Rock crawlers are insects that somewhat resemble large ants with an earwigs body. Rock crawlers do, indeed, crawl around rocks. They belong to one order: Grylloblattodea, and one family: Grylloblattidae. Only 25 species of rock crawler have been identified. Rock crawlers are small and wingless that weren't discovered in the Canadian Rockies until 1906.
These insects come in colors of pale brown, yellow-brown or grey. The body is covered with short hairs. They have relatively slender cerci with a small head and long, pale antennae. Their eyes are small, but depending on the species, eyes could be absent. Most of these insects are between 1/2- 1 1/4 inches (1.2- 3 centimeters).

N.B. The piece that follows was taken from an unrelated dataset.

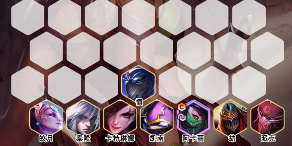 1、阵容组成:慎、皎月、泰隆、卡特琳娜、凯南、阿卡丽、劫、派克

A rock crawler's metamorphosis is incomplete, meaning they only have 2 major stages until maturity. Mating can last up to about 4 hours and the female may not lay the eggs for many months. The eggs are laid in rotten wood, moss, rock crevices, and sometimes soil. Nymphal development possibly can take more than five years. Depending on the species, there could be as many as 9 nymphal stages.
Rock crawlers can be found in parts of Asia and North America in deciduos forests, mountains, and caves.
A rock crawler will feed on other insects and will sometimes eat dead or decaying organic matter. Most rock crawlers are nocturnal and daytime hunters.